How to Help your Teen Cope with Public Speaking

Check out some useful ways on how to help your teen cope with public speaking.

The truth is most people are scared of public speaking. Glossophobia is the proper name for this fear, and it affects an estimated 75% of all people of all ages. It’s no wonder that a teenager may also feel a strong sense of anxiety and dread when it comes to public speaking that is increased by their completely normal teenage anxieties about standing out, making mistakes in front of others, or just not being super perfect at things.

Public speaking is almost unavoidable, and while it may be tempting to try to get out of it that isn’t the best plan. Regardless of what career your child pursues public speaking will eventually be a part of it and learning to cope with the anxiety it causes and practicing the skills needed early can really help them stand out as an adult.

Why are they afraid?

Public speaking causes anxiety in most people, but it’s hard to pin down why. Scientists think it may be a combination of the kind of anxiety that we get when we feel people are watching us and a real fear of being evaluated on something that your teen feels that they aren’t good at.
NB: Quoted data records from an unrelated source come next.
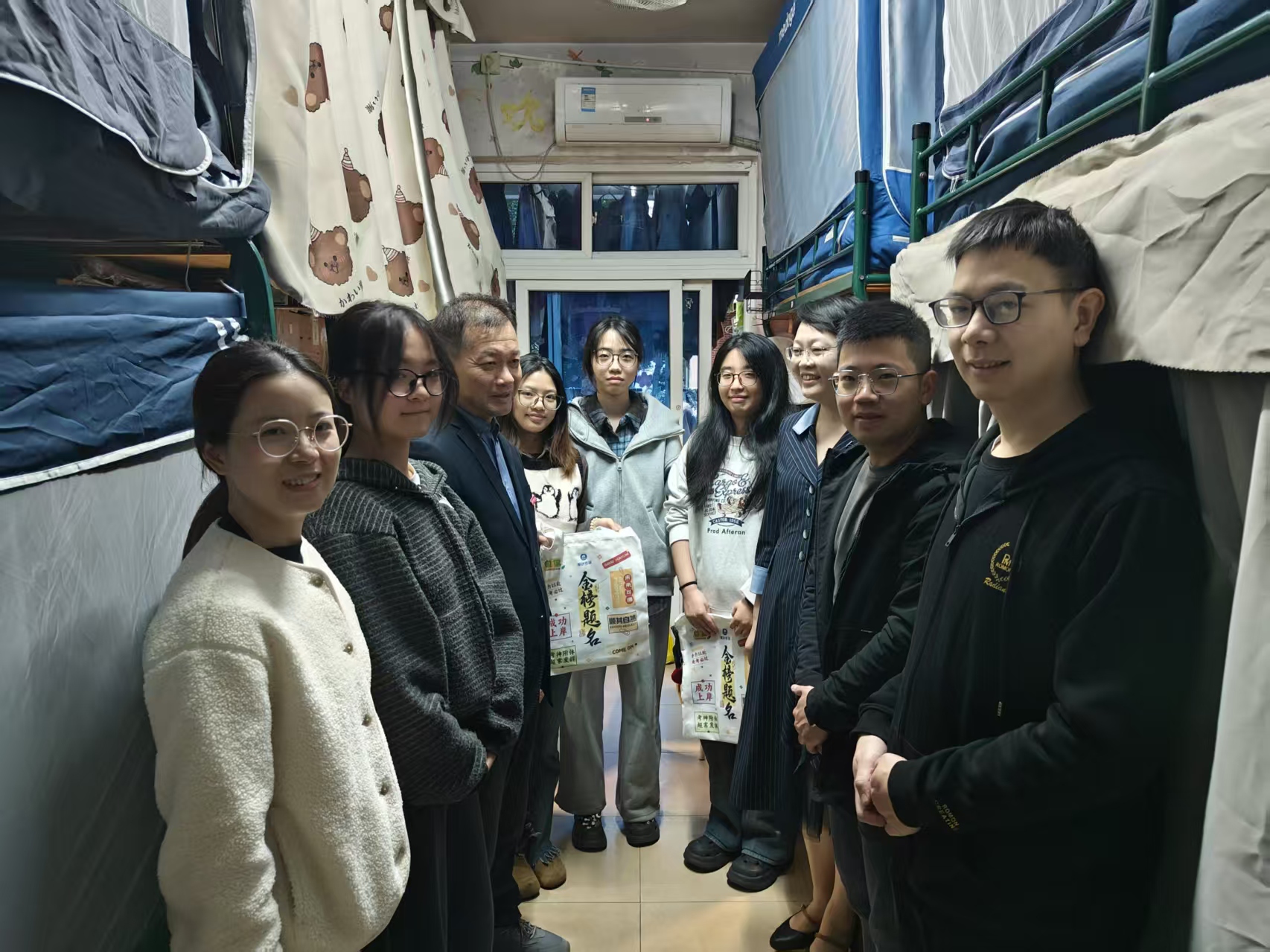 在2026届考研学子备战的关键阶段,12月10日下午,英国威廉希尔公司官网物理与信息工程学院开展“研路同行,为梦护航”考研加油行动。学院党委书记吴丽双、党委副书记洪荣文及辅导员一行,深入学生宿舍走访慰问,为正在紧张备考的学子们送上定制加油礼包,传递学院的温暖与支持。
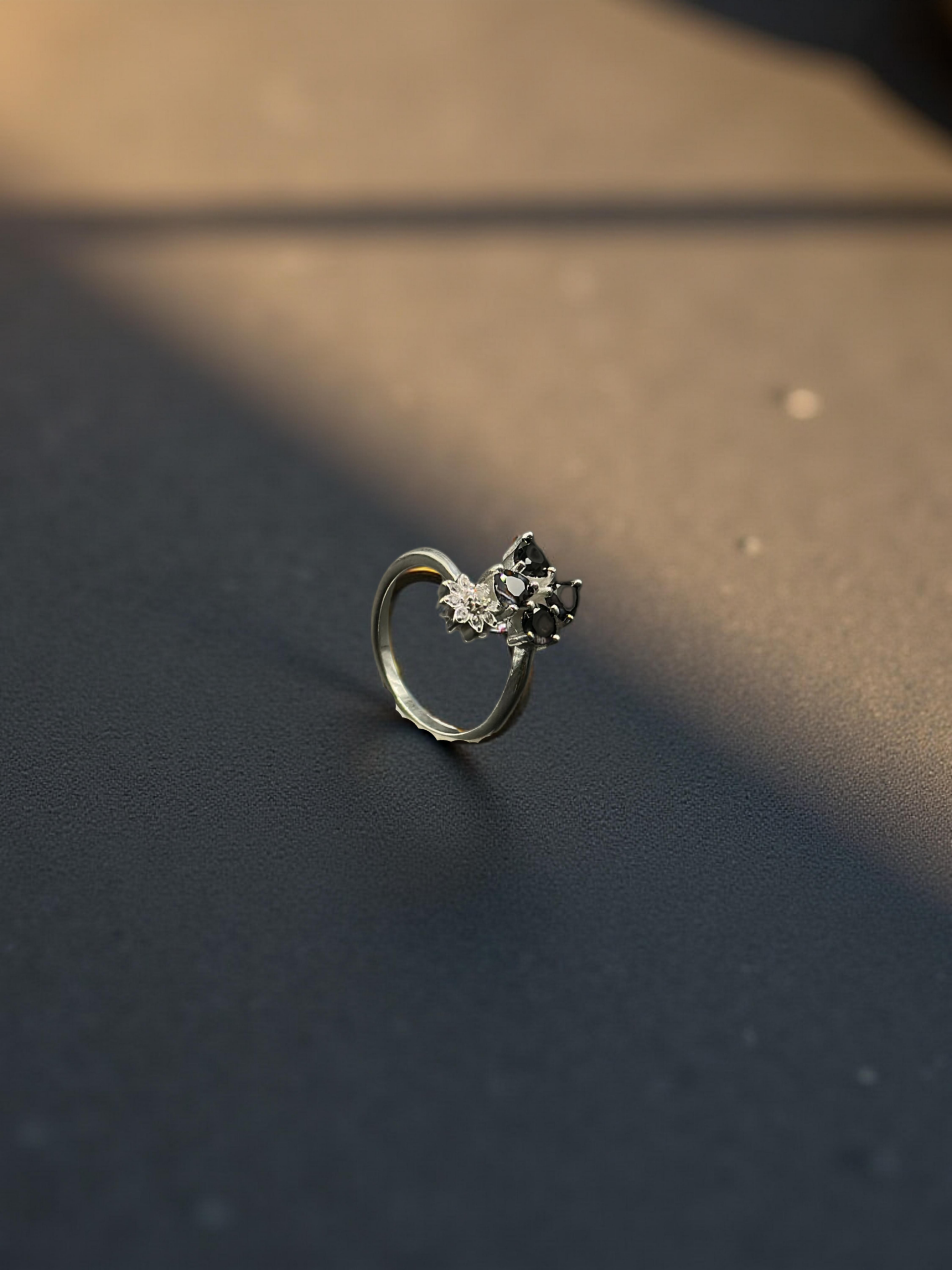 SKU: QZ-SR81 Weight: 2.74g Purity: 925 A graceful silver band featuring a striking contrast of black and white stones, symbolizing the harmony of shadow and light.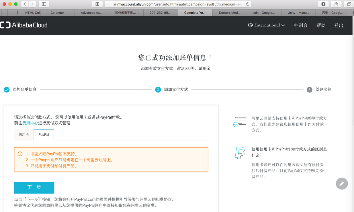 【未解决】注册阿里云国际版账号时绑定paypal出错:错误码 118 抱歉,您所注册的国家不在支持的列表中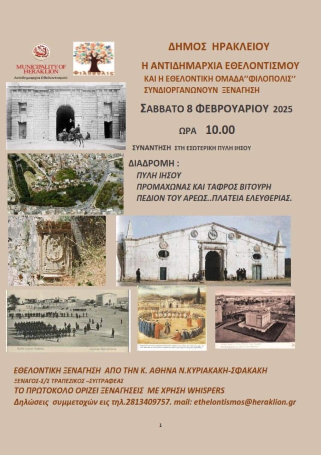 Στην καρδιά της πόλης θα πραγματοποιηθεί το Σάββατο 8 Φεβρουαρίου η επόμενη ξενάγηση στο πλαίσιο του δεύτερου κύκλου των δωρεάν ξεναγήσεων που εγκαινίασε ο Δήμος Ηρακλείου και η Αντιδημαρχία Εθελοντισμού σε συνεργασία με την Ομάδα «Φιλόπολις» και την εθελοντική προσφορά της ξεναγού Αθηνάς Κυριακάκη- Σφακάκη.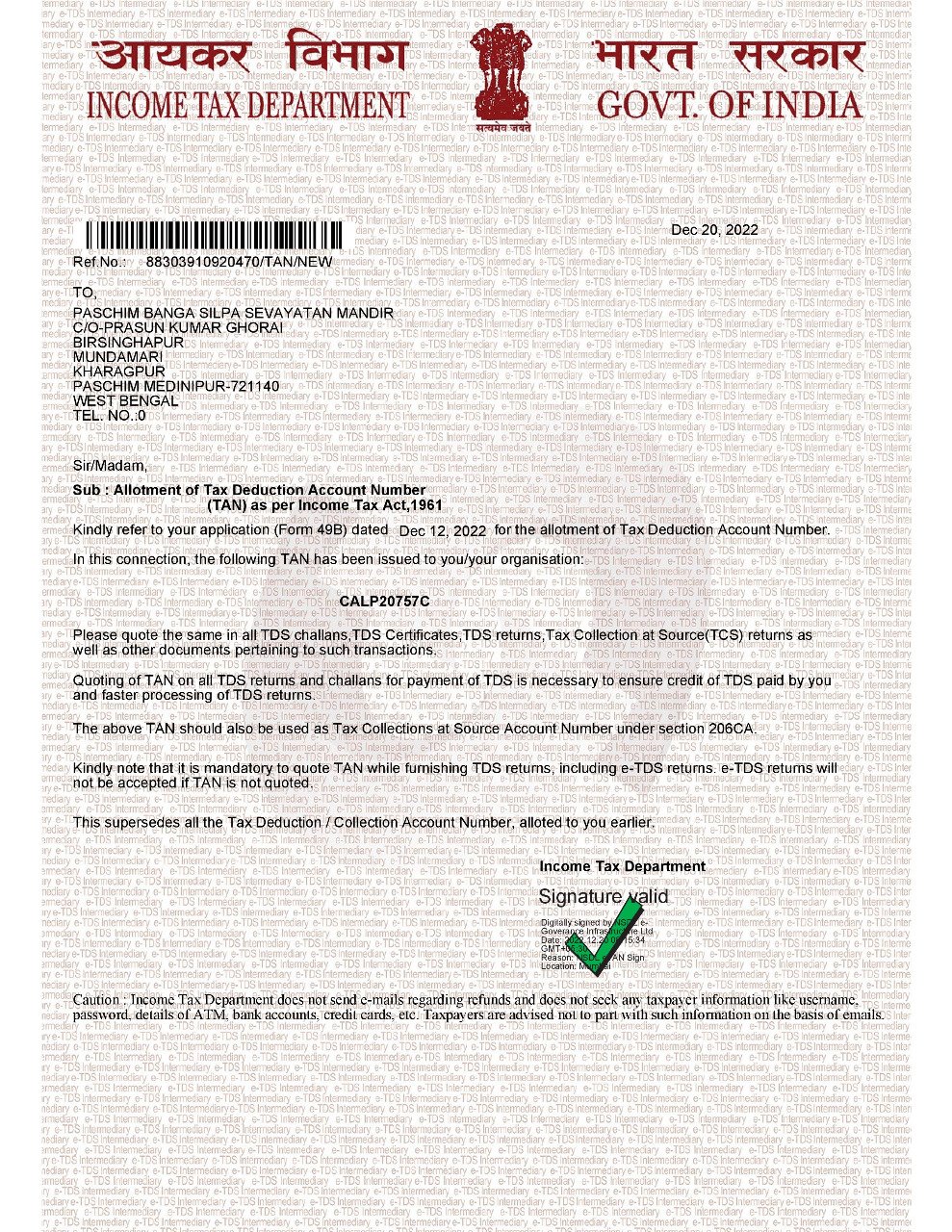 | 2093 | Income Tax Registration | ALL INDIA LEGAL SERVICES MEDIATION TRUST, C/O- Mahuya Mukherjee | At.- Qr no - F 39, Street - V (Five), Post Office- Farakka Barrage Project, P. S- Farakka, District.- Murshidabad- 742212 | ||||||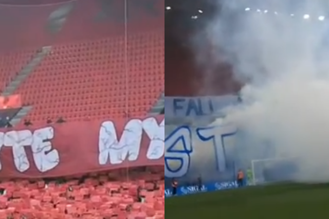 Por tifozët bardheblu iu janë përgjigjur me një tjetër banderolë: “Ata duan që ne të biem, por ne qëndrojmë mbi të gjithë”.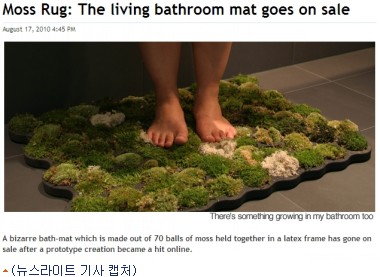 스위스에 살고 있는 응우옌 라 짠은 2년전 과제를 위해 이끼 욕실 매트를 만들었다. 70여개의 이끼 덩어리들을 라텍스 틀에 고정시켜 살아있는 매트를 만든 것.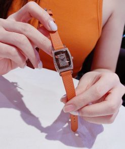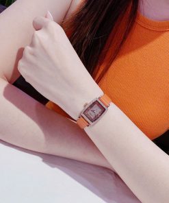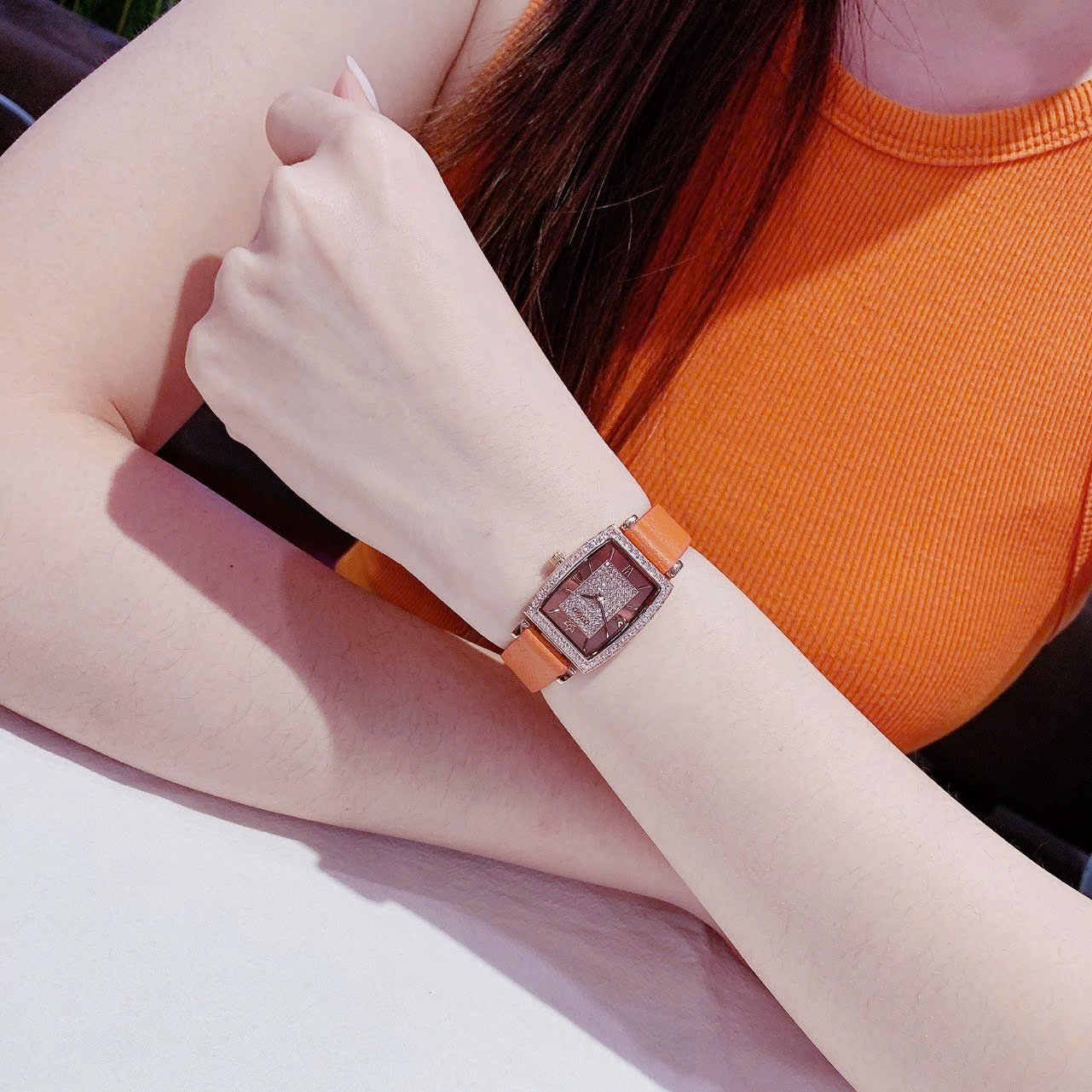 Thiết kế: Mặt chữ nhật – dáng nhỏ gọn tương đương ~28mm mặt tròn, thanh lịch khi đeo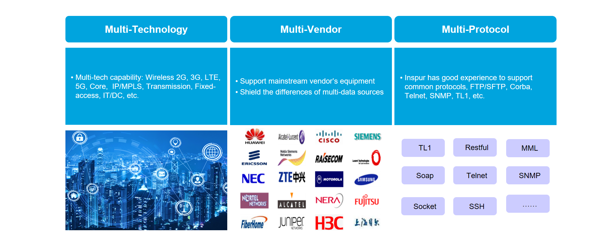 Inspur proposes the Unified Resource Management (URM) solution, offering a comprehensive platform for inside & outside resource, asset lifecycle management, network planning & design to support efficient service fulfilment and assurance. Based on the micro-service architecture of network management, the resource management system functions are decoupled and modularized.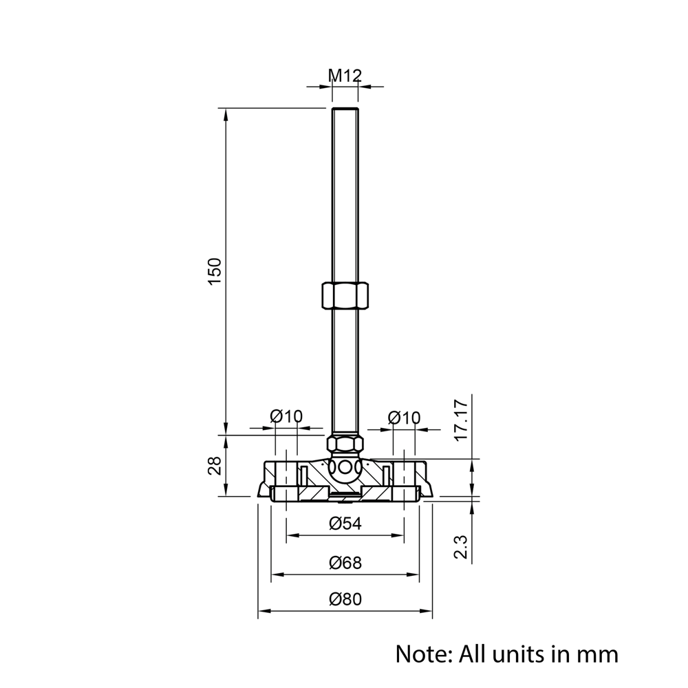M12x150mm Nylon 80mm Articulating Anti-slip Levelling Foot is designed to provide adjustable and stable support for aluminium extrusion assemblies. It features an articulating threaded stud that allows for precise height adjustment and compensates for uneven surfaces. The durable nylon base includes a rubber anti-slip pad to enhance grip and prevent unwanted movement. Ideal for use with foot plates or edge plates, this levelling foot is a reliable solution for ensuring stability in a variety of projects.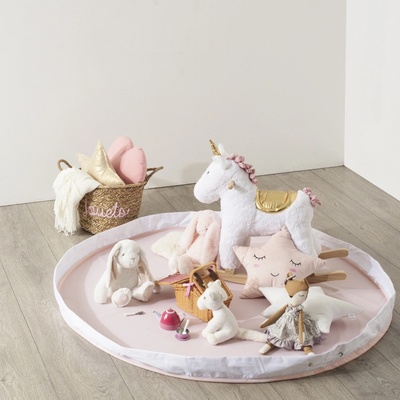 Tato okouzlující barevná podložka s motivem jednorožce v sobě spojuje tři funkce: klasickou hrací podložku s oblouky a ramínky, suchý bazének s míčky a měkký prostor pro...

While a speech can cause most people to dip their toes in the anxiety pool, for some it is worse than that and they may even begin to have physical symptoms beyond butterflies in the stomach. The longer they anticipate having to get up and speak the more that anxiety grows and the bigger the problem becomes.

Early practice

Some kids are afraid of talking in front of people at all. This includes being called on in class to answer a question or being asked to read out loud in front of peers. Practicing for these situations can be tricky to try at home, but it is important.

Letting your child order for everyone at the table when you go out to eat can be a great way for them to practice speaking up, and improvise some of the skills they will use when doing public speaking, including being purposeful when they speak, remembering what they wanted to say, and responding to questions from the audience (the waitstaff). Even though the prospect of this may be overwhelming for your child remind them that you are there if they need your and that the waitstaff isn’t grading them.

Being prepared

The first step to overcoming problems with public speaking is to eliminate as many of the factors causing the anxiety as possible. Learning to over prepare can help your child feel less anxiety about forgetting their speech, pronouncing words wrong, or other slip-ups that are keeping them awake at night.

Start with a topic that is easy for them to talk about, one they may already know a bit about. Then make an outline of the speech, it should have a beginning, a middle and end. The beginning should introduce the topic to the audience, and each point in the middle should build on the previous, then the end should sum everything up. By outlining the speech and then working on writing it your teen is giving your child a chance to figure out a natural flow for the speech and that will help them to avoid losing their place and forgetting what they were saying.

Once the speech is written it’s time to start practicing it. Memorizing it word for word isn’t a winning strategy for most people. It is better to focus on the main points and the ways your teen wants to express them. This allows your teen not only to ad-lib if your teen gets lost or confused but helps your teen keep your note cards simple which can help your teen to avoid using them as a crutch and just reading them monotone to the audience.

Public speaking is 50% relaying information and 50% performance. Using a mirror or video to practice can help point out areas where body language and eye contact can be improved. Using body language and eye contact with your audience can help your teen appear less awkward and nervous and can also help them to mentally gloss over any imperfections. These things can be practiced and should be. Use your hand gestures wisely to help emphasize your speech points, and to keep your teen from not knowing what to do with their hands. Writing out a script for gestures that aligns with the speech can also help kinetic learners to remember when to say what.

Practice alone at first, and then in front of a trusted adult or two after that. The more times your teen gives your speech before it’s time to actually give the speech the better your teen will be at it. Remember that school is for learning and nobody expects perfection but with a bit of preparation, your teen can definitely outshine their peers.

Showtime advise for teens

Make sure to get plenty of sleep before a speech, well-rested people are better at dealing with anxiety than sleep deprived ones. Do a double check to make sure your teen has any props or materials your teen needs like note cards, or presentation posters.

Try to remain relaxed and use mindfulness exercises to help if anxiety starts getting too bad. Accept feelings of anxiety as valid, take deep breaths, and mentally go through your speech to help assure that your teen knows what is happening and when.

Remember that it is going to be over soon. No matter how your teen does, it’s okay. Even if your teen is being graded, your teen is their harshest critic. Your teen and your trusted family member are likely the only ones who know what a perfect run through will look like, so try to focus on hitting the main ideas and forget the notion that your teen has to be absolutely perfect when they’re making your speech. As long as your teen gets up there and does their best they will be great.

After the speech

Immediately after the speech or as soon as your teen can make a list of everything that they did well and a few things that they want to work on. While it’s fresh in their mind they’ll be able to find the real criticism. Try to avoid going over and over any small mistakes your teen made. Just acknowledge them and then move along with life. Getting bogged down with a few minor slip-ups is not going to make your teen a better speaker, it will only add to the baggage they carry into their next speech.

Every speech will be a new learning opportunity and the more your teen does it, the better they’ll become. Be kind and gentle with your teen and your teen will help them on their road to public speaking success.